Wenn ein Land unter dem Meeresspiegel liegt
Wasser fließt unaufhaltsam ins Wohnzimmer und die Straße vor der Haustür sieht aus wie ein See. Ein Bericht von einem Land, dass im Wasser gebaut ist und ständig mit den Folgen davon leben muss.
Es gibt sie überall auf der Welt, Länder oder Inseln, die künstlich errichtet wurden. Dort, wo früher Meer war, ist plötzlich Land und Menschen bauen auf diesem Land. Das berühmteste Beispiel sind die „The Palm“-Inseln in Dubai, aber das älteste Beispiel bleiben die Niederlande. Mehr als ein Viertel liegt unter dem Meeresspiegel und wurde Stück für Stück durch die Jahrhunderte vom Mensch erobert. Leylistad ist eine kleine Stadt im Norden des Landes, die es erst seit 50 Jahren gibt, vorher gab es das Stück Land noch nicht. Städte sowie Leylistad gibt es viele in den Niederlanden und die, die es schon länger gibt, sind von Wasser umgeben und mit Grachten durchzogen.
Die Teile der Niederlande, die unter dem Meeresspiegel liegen, werden nur nicht überflutet, weil mehrere Pumpen durchgängig Wasser aus dem Land ins Meer pumpen. Sollten diese Pumpen für 20 min ausfallen, dann wären all diese Städte überflutet. Ein Fakt, der den Einheimischen keine Angst macht, denn sie vertrauen den Pumpen. Jedoch liegt die letzte große Überflutung nur 50 Jahre zurück, damals wurde Zeeland größtenteils überflutet. Seitdem hat sich einiges geändert, eine Stahldamm wurde gebaut, der im Falle einer Flut, die Flusseinmündung schließen kann, damit kein weiteres Wasser mehr ins Land gedrückt werden kann.
Man sieht also, dass die Niederlande, was die Kontrolle des Wasserstandes im Land betrifft, auf einem sehr hohem technischen Stand arbeitet, aber trotzdem kommt es immer wieder zu lokalen Überflutungen. So auch in den letzten Tagen, denn durch das warme beinahe tropische Wetter der letzten Wochen kam es immer wieder zu heftigen Gewittern und Regenfällen.

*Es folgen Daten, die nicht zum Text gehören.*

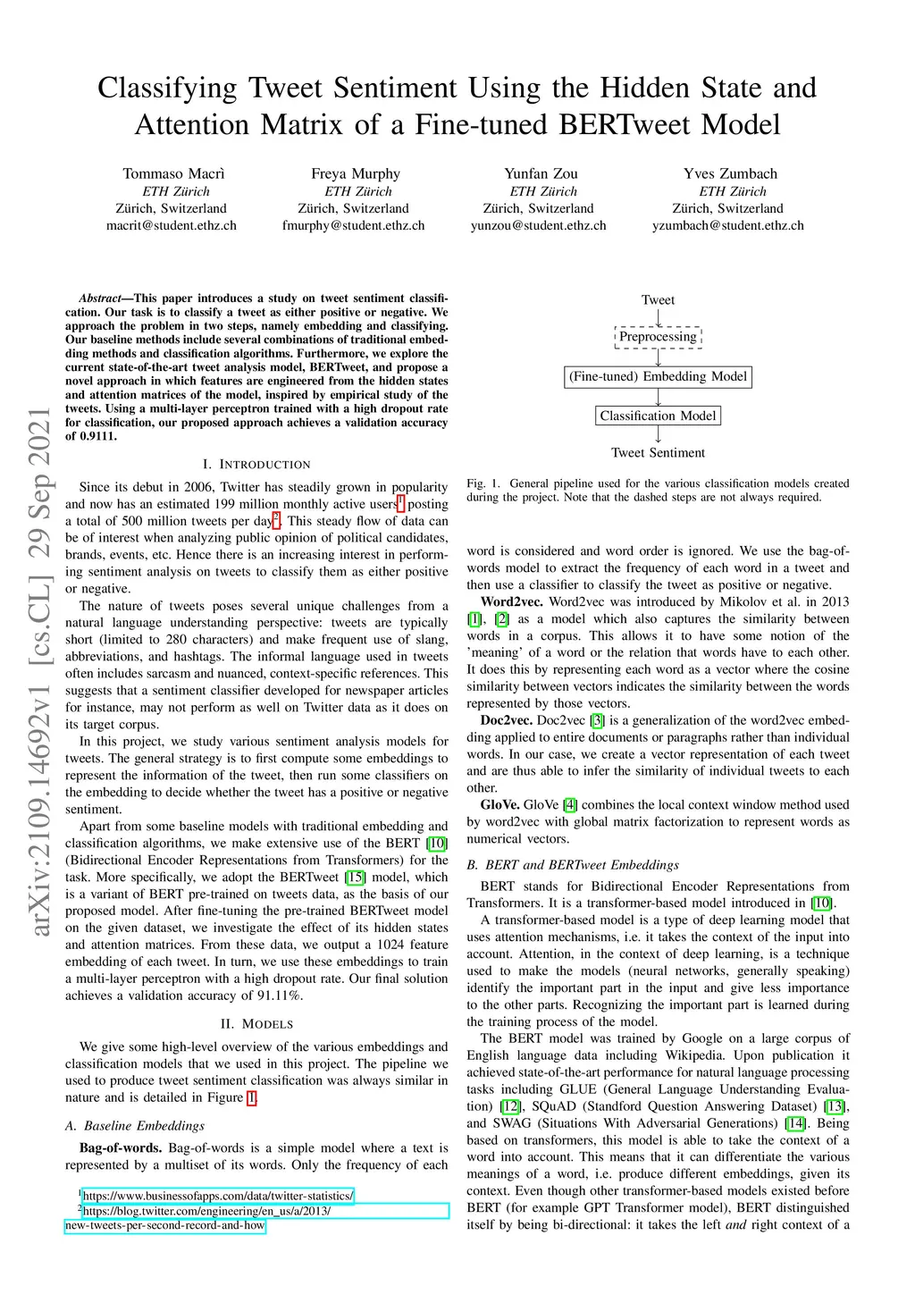 This paper introduces a study on tweet sentiment classification. Our task is to classify a tweet as either positive or negative. We approach the problem in two steps, namely embedding and classifying. Our baseline methods include several combinations of traditional embedding methods and classification algorithms. Furthermore, we explore the current state-of-the-art tweet analysis model, BERTweet, and propose a novel approach in which features are engineered from the hidden states and attention matrices of the model, inspired by empirical study of the tweets. Using a multi-layer perceptron trained with a high dropout rate for classification, our proposed approach achieves a validation accuracy of 0.9111.

Dies führte dazu, dass es bis zu 6 Stunden am Stück regnete und so bis zu 110 Liter pro Quadratmeter fielen, das ist mehr als normalerweise in einem ganzen Monat. Die Folgen waren schon nach den ersten 2 Stunden Regen zu sehen, die Gärten standen unter Wasser und auch an den Rändern der Straßen stand das Wasser. Nachdem der Regen stoppte, standen viele Keller unter Wasser und auch einige Wohnzimmer und Dachböden waren betroffen von Überflutungen. Während des Unwetters mussten nämlich einige Pumpen ausgestellt werden, die Grundwasser in große Flüsse pumpen, da die Flüsse schon zu voll gelaufen waren mit Regenwasser und daher kein weiteres Grundwasser aufnehmen konnten. Jeder Fluss und See war voll mit Wasser, bis zum Anschlag.
Vor allem ältere Gebäude litten unter den Wassermassen, denn sie sind nicht gut isoliert und haben meistens sowieso schon Probleme, da sie absacken. Viele alte Häuser in den Niederlanden sacken ab, da sie auf alten Baumstämmen gebaut sind, die schon beginnen zu faulen. Das klingt jetzt erst einmal komisch, aber pro Haus werden bis zu 40 große Baumstämme senkrecht in den Boden gerammt und auf diesen wird dann das Haus gebaut, denn ohne Baumstämme wäre der Untergrund zu weich und unstabil, um Häuser darauf zu bauen. So kam es letzte Woche dazu, dass manch eine alte Bauernhof voll Wasser stand und dass ein Teil des Hauses einen halben Meter tiefer lag, als noch am Tag davor.
Das beachtlichste an dieser Situation ist, dass dies für Niederländer ganz normal ist, denn Häuser laufen hier 4 bis 5 mal pro Jahr voll mit Wasser und dass Straßen kurzzeitig zu großen Seen werden, ist hier auch ganz selbstverständlich. Für Ausländer ist dies unverständlich, aber wenn man unter dem Meeresspiegel wohnt, dann geht man halt ein gewisses Risiko ein und dann wird Wasser zum besten Freund und gleichzeitig zum gefährlichsten Feind.